UK fisheries minister Ben Bradshaw is set to join EU counterparts in Brussels for talks on annual catch limits.

Cutbacks including a 25% reduction in the cod quota and reductions in plaice, sole and hake allowances have been recommended by the European Commission.

White fish stocks are most depleted in the North and Baltic seas.

For the fifth year running, scientists have warned nothing short of a total ban on fishing for the most depleted species will ensure stock recovery.

The Commission has rejected calls for a ban on fishing for North Sea cod and the latest talks will decide on the permitted days at sea for most vessels targeting white fish.

The BBC’s Emma Jane Kirby said: “Setting the quota levels is no easy task for European ministers, who have to balance the need for conservation against the need to protect Europe’s struggling fishing industry.”

British fishermen are calling for a rollover of this year’s imposed restrictions, which reduced cod catches by 15%, despite the Commission’s calls for a 25% reduction.
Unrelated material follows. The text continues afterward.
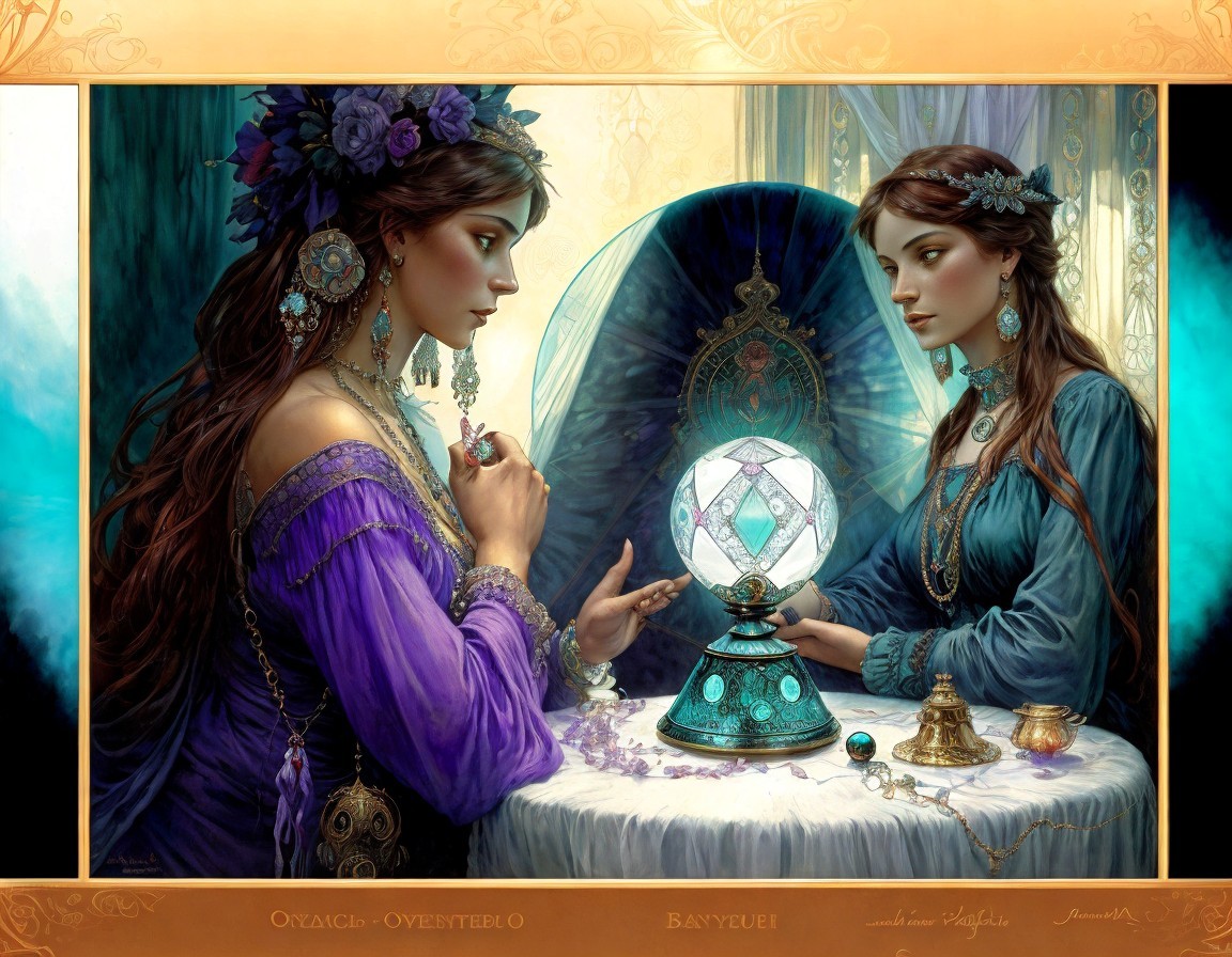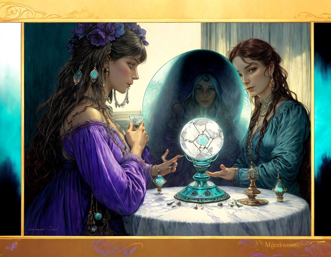 Digital artwork: Woman in purple dress gazes at crystal ball

Mr Bradshaw has called the Commission’s recommendations “drastic”, adding that he did not believe any European states would support the proposal.

Ross Finnie, Scotland’s fisheries minister, said efforts already made by fishermen should count in their favour in the talks.

The Scottish Fisherman’s Federation (SFF) has said the Commission’s recommendations, which could mean trawlers may only be allowed to work for two-and-a-half days each week, made no sense because many stocks are in robust health.

‘Serious measures’

Mr Finnie said the fishermen were under “real pressure” from scientists who favour a complete ban on catching cod.

“We have trimmed back so much, you get to a point where if you go too far you simply plunge the fleet into a non-viable position,” he said.

“We have made huge efforts in the Scottish fleet and that really is the substance of our argument. It’s not as if we have ignored the science at all.

“We have taken very serious measures over the last three or four years.”

Fishermen from Northern Ireland are also set to take an active role in the talks, with County Down-based trawlermen pushing for a 20% increase in their prawn catch.

Northern Irish prawn boats are currently allowed 220 days at sea but fishermen fear that number may now be reduced.